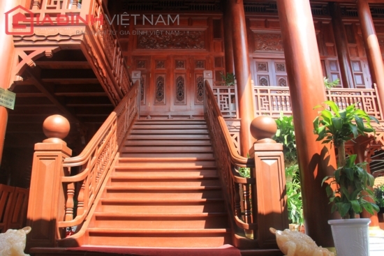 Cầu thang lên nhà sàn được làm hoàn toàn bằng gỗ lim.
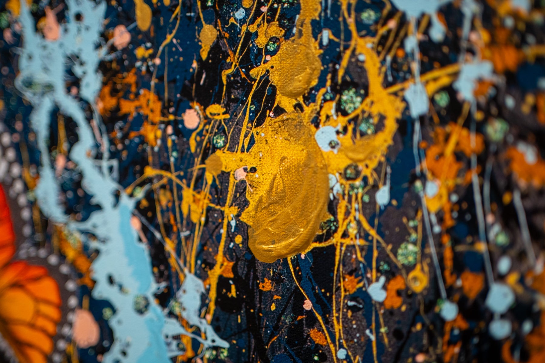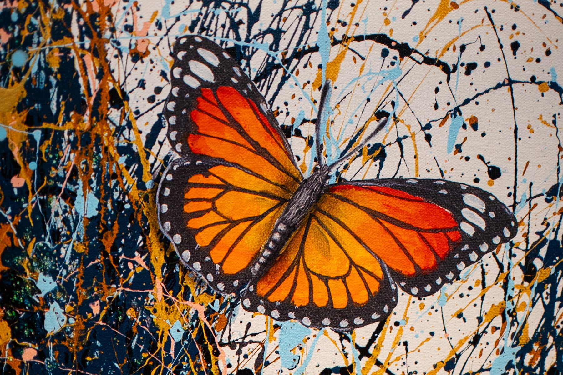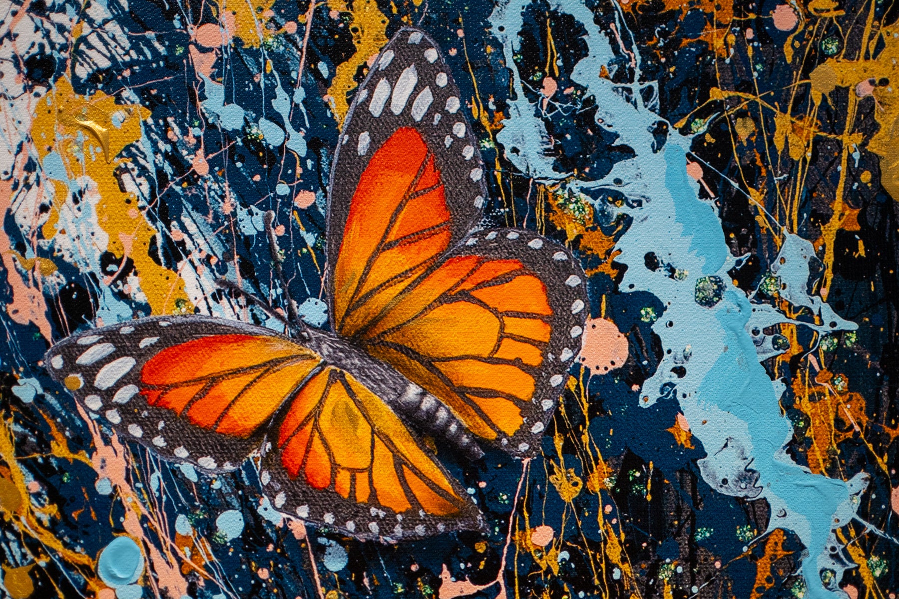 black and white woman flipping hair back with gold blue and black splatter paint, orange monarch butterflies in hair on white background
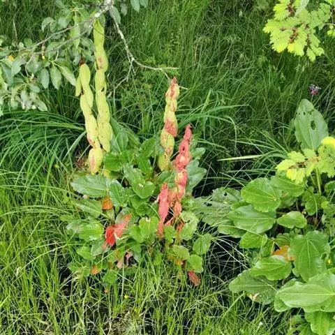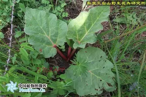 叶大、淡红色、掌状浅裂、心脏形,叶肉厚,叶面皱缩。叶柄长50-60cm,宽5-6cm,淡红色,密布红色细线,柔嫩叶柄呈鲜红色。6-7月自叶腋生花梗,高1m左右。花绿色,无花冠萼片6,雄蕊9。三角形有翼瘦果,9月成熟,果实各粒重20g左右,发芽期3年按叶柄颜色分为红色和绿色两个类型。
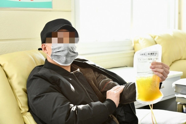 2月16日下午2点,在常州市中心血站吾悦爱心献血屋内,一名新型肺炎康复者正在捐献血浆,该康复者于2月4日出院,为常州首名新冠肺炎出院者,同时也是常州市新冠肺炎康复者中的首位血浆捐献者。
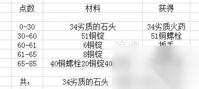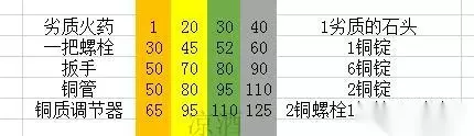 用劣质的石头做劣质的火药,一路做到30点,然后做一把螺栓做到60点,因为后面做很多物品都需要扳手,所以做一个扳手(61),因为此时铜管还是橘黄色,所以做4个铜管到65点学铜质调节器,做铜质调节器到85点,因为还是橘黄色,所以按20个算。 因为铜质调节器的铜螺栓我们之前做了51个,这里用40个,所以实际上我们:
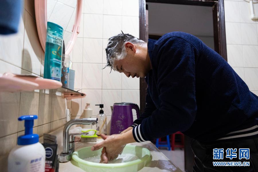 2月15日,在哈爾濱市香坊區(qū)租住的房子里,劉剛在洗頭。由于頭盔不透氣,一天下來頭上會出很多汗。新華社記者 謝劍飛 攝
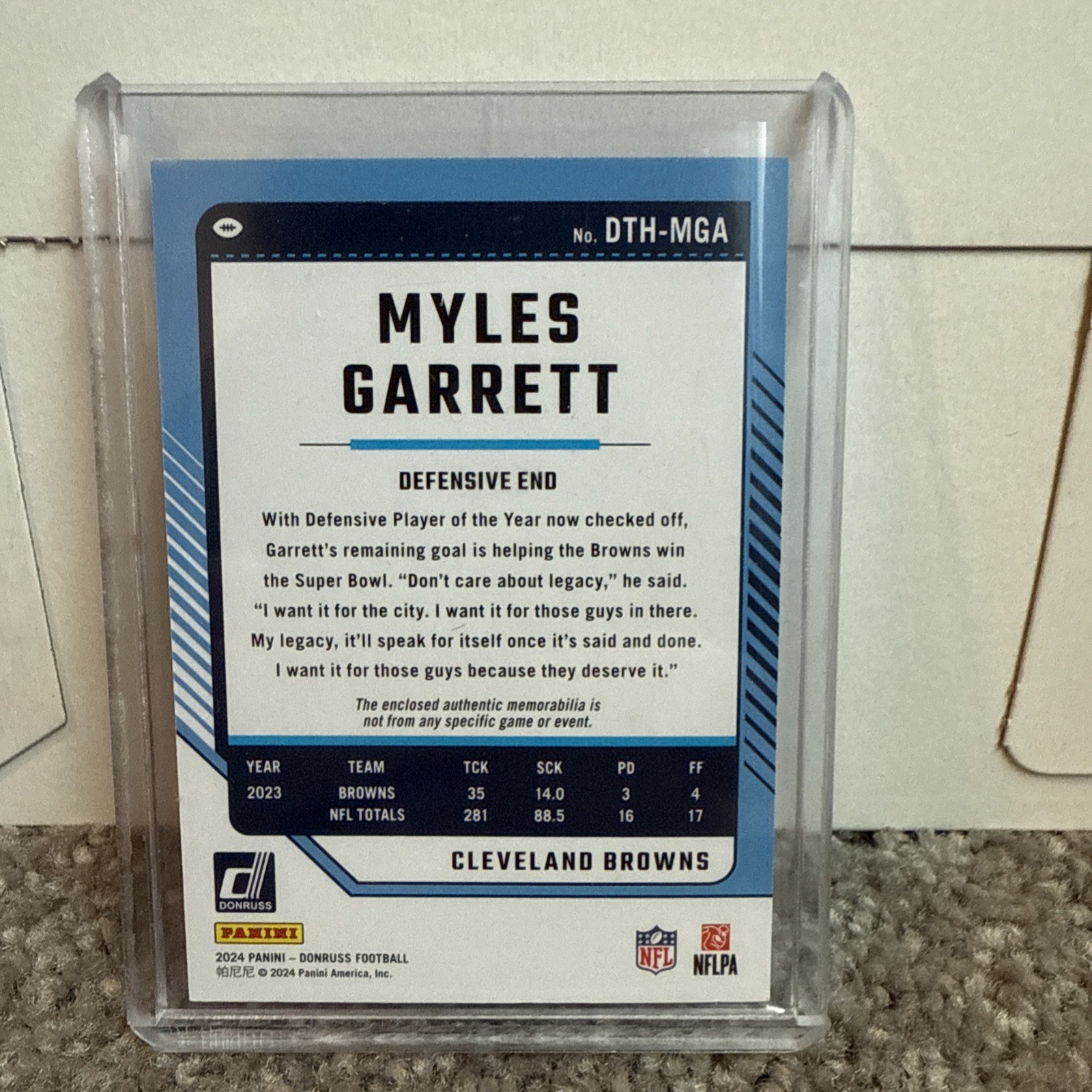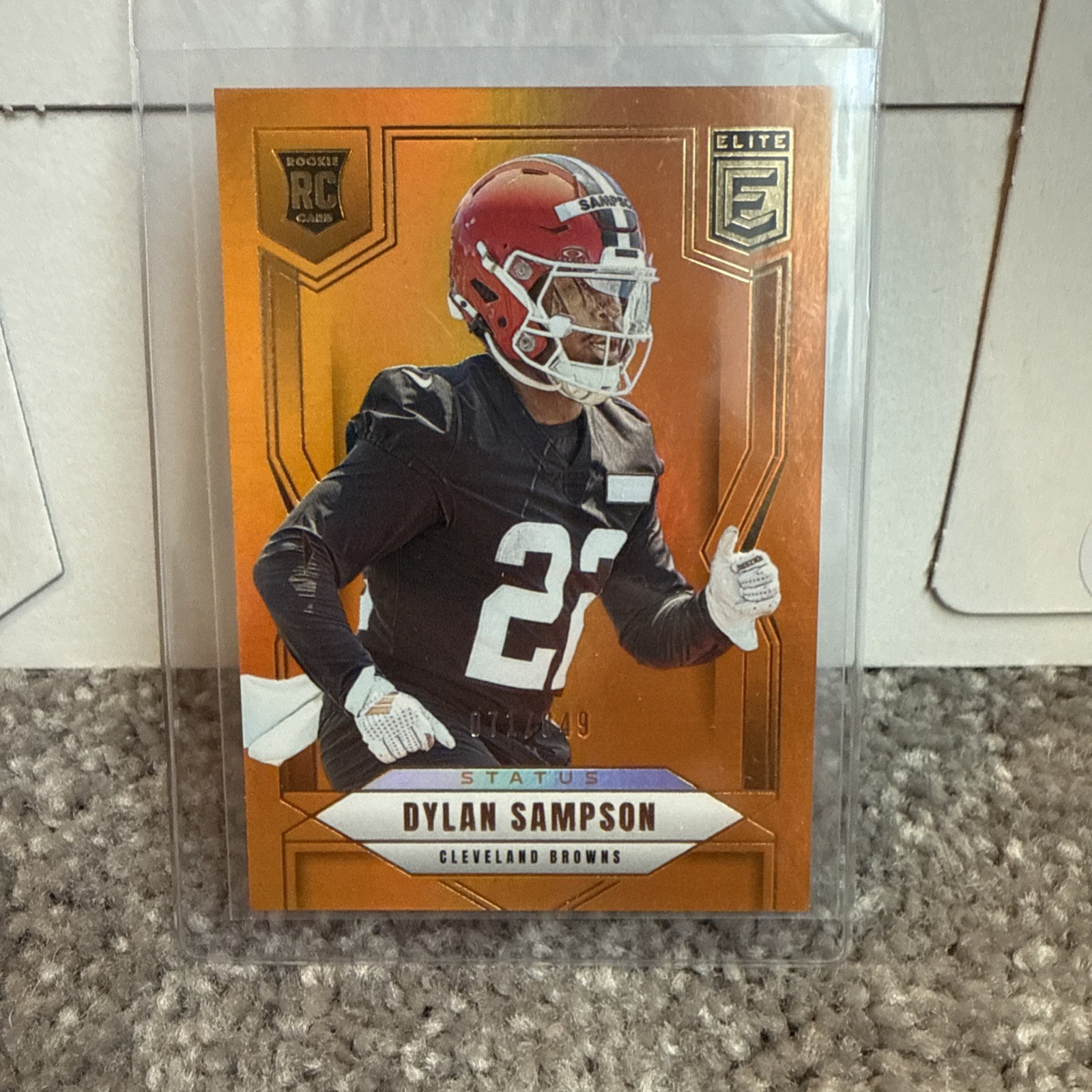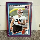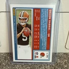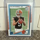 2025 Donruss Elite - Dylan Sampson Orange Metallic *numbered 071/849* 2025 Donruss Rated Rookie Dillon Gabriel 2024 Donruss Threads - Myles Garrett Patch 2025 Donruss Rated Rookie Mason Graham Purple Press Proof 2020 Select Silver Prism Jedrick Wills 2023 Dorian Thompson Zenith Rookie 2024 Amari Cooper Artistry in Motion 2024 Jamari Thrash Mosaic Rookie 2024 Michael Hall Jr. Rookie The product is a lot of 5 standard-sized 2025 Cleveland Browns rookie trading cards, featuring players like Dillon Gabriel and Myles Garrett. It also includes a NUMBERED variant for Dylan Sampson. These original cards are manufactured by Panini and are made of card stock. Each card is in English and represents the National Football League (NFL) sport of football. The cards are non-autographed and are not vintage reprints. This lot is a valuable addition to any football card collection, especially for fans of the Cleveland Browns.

* Exercise brief
The reply has to reproduce every line above verbatim and contain no pictures.

* Task answer
 Cầu thang lên nhà sàn được làm hoàn toàn bằng gỗ lim.
 black and white woman flipping hair back with gold blue and black splatter paint, orange monarch butterflies in hair on white background
 叶大、淡红色、掌状浅裂、心脏形,叶肉厚,叶面皱缩。叶柄长50-60cm,宽5-6cm,淡红色,密布红色细线,柔嫩叶柄呈鲜红色。6-7月自叶腋生花梗,高1m左右。花绿色,无花冠萼片6,雄蕊9。三角形有翼瘦果,9月成熟,果实各粒重20g左右,发芽期3年按叶柄颜色分为红色和绿色两个类型。
 2月16日下午2点,在常州市中心血站吾悦爱心献血屋内,一名新型肺炎康复者正在捐献血浆,该康复者于2月4日出院,为常州首名新冠肺炎出院者,同时也是常州市新冠肺炎康复者中的首位血浆捐献者。
 用劣质的石头做劣质的火药,一路做到30点,然后做一把螺栓做到60点,因为后面做很多物品都需要扳手,所以做一个扳手(61),因为此时铜管还是橘黄色,所以做4个铜管到65点学铜质调节器,做铜质调节器到85点,因为还是橘黄色,所以按20个算。 因为铜质调节器的铜螺栓我们之前做了51个,这里用40个,所以实际上我们:
 2月15日,在哈爾濱市香坊區(qū)租住的房子里,劉剛在洗頭。由于頭盔不透氣,一天下來頭上會出很多汗。新華社記者 謝劍飛 攝
 2025 Donruss Elite - Dylan Sampson Orange Metallic *numbered 071/849* 2025 Donruss Rated Rookie Dillon Gabriel 2024 Donruss Threads - Myles Garrett Patch 2025 Donruss Rated Rookie Mason Graham Purple Press Proof 2020 Select Silver Prism Jedrick Wills 2023 Dorian Thompson Zenith Rookie 2024 Amari Cooper Artistry in Motion 2024 Jamari Thrash Mosaic Rookie 2024 Michael Hall Jr. Rookie The product is a lot of 5 standard-sized 2025 Cleveland Browns rookie trading cards, featuring players like Dillon Gabriel and Myles Garrett. It also includes a NUMBERED variant for Dylan Sampson. These original cards are manufactured by Panini and are made of card stock. Each card is in English and represents the National Football League (NFL) sport of football. The cards are non-autographed and are not vintage reprints. This lot is a valuable addition to any football card collection, especially for fans of the Cleveland Browns.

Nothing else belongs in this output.